*Input material*.
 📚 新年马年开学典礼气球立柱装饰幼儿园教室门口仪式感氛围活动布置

---

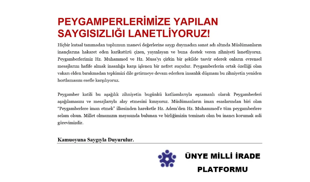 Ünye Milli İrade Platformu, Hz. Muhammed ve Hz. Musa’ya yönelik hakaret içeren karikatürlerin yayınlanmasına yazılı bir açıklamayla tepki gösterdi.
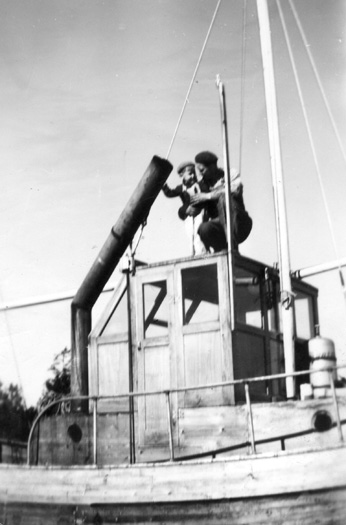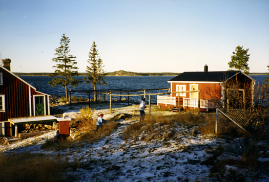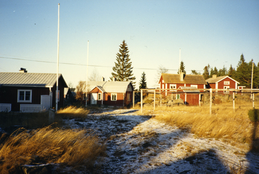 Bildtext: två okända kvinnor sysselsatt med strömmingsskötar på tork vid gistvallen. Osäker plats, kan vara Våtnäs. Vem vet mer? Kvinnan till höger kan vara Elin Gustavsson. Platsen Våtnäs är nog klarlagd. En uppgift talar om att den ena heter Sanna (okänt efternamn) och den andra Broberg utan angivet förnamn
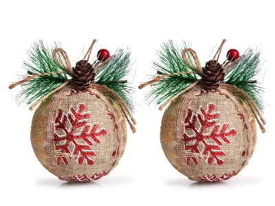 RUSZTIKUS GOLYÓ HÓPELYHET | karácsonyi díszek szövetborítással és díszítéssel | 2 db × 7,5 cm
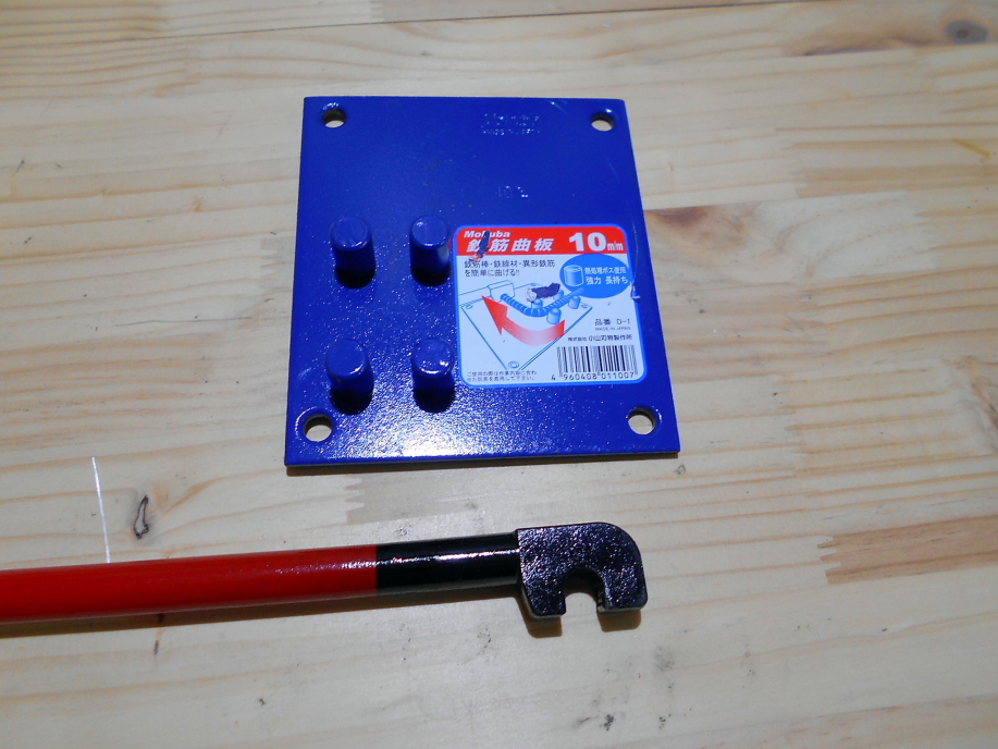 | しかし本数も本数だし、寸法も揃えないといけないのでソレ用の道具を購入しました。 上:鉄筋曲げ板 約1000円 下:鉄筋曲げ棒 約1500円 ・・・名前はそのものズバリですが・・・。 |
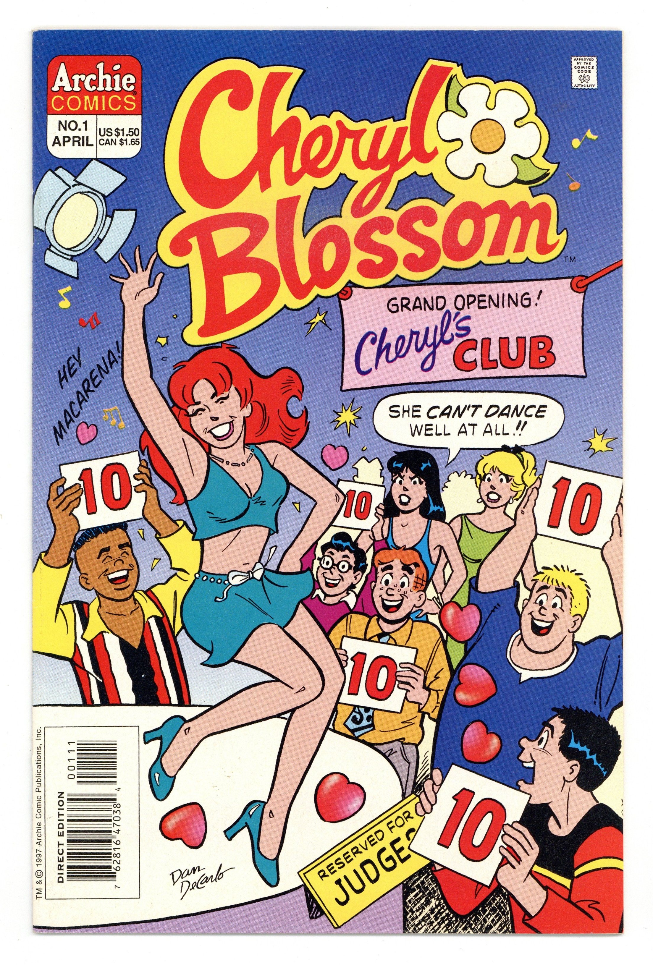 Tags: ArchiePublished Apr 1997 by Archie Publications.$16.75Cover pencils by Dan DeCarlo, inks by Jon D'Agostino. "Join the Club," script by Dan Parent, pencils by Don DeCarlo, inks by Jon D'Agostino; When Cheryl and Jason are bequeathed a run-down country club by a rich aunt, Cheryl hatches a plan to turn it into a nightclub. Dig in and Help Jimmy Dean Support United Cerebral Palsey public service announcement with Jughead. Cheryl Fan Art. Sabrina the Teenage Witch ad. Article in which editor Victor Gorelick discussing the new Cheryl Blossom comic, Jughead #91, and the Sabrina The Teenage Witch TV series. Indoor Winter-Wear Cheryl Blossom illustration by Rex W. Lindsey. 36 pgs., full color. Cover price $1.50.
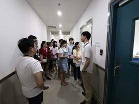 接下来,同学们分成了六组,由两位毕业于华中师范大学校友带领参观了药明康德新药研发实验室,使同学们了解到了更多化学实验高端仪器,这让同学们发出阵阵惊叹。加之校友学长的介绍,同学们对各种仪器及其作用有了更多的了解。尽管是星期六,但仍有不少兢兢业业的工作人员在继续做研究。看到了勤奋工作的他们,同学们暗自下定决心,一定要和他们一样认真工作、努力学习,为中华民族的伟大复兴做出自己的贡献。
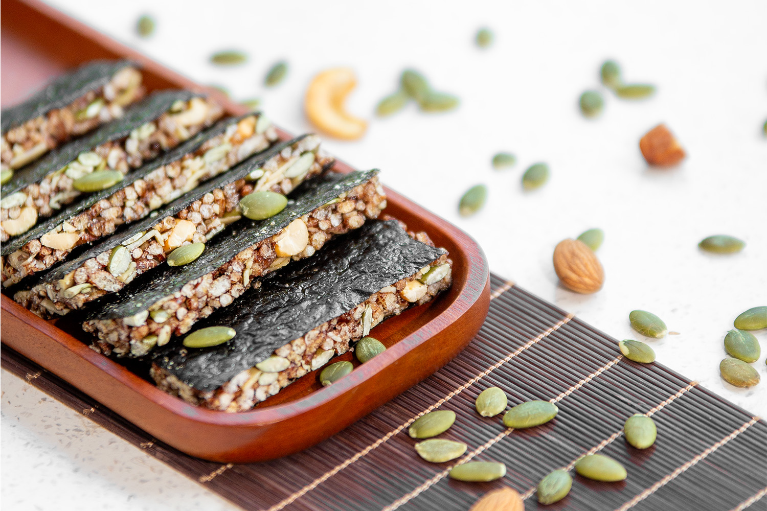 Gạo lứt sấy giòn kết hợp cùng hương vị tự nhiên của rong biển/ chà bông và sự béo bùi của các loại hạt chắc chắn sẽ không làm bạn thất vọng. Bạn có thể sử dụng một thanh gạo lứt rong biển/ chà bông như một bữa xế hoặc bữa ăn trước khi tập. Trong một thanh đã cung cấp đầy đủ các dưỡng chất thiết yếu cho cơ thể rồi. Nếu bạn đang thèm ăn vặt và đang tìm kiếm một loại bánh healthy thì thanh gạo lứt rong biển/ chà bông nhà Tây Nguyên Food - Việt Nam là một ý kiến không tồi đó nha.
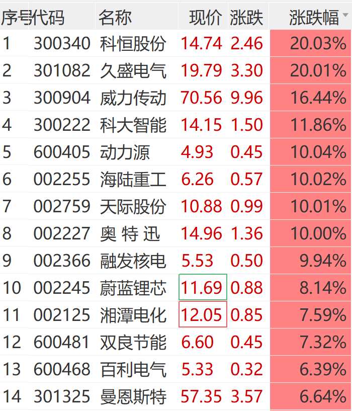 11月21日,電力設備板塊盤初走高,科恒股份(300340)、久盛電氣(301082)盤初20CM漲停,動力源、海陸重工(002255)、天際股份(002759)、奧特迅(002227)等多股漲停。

*What you will do*. Look above for the line with "Gạo lứt sấy"; quote it and every line after it, stopping after the line with "11月21日,電力設備板塊盤", exactly, with nothing added and without pictures.

*Response box*.
 Gạo lứt sấy giòn kết hợp cùng hương vị tự nhiên của rong biển/ chà bông và sự béo bùi của các loại hạt chắc chắn sẽ không làm bạn thất vọng. Bạn có thể sử dụng một thanh gạo lứt rong biển/ chà bông như một bữa xế hoặc bữa ăn trước khi tập. Trong một thanh đã cung cấp đầy đủ các dưỡng chất thiết yếu cho cơ thể rồi. Nếu bạn đang thèm ăn vặt và đang tìm kiếm một loại bánh healthy thì thanh gạo lứt rong biển/ chà bông nhà Tây Nguyên Food - Việt Nam là một ý kiến không tồi đó nha.
 11月21日,電力設備板塊盤初走高,科恒股份(300340)、久盛電氣(301082)盤初20CM漲停,動力源、海陸重工(002255)、天際股份(002759)、奧特迅(002227)等多股漲停。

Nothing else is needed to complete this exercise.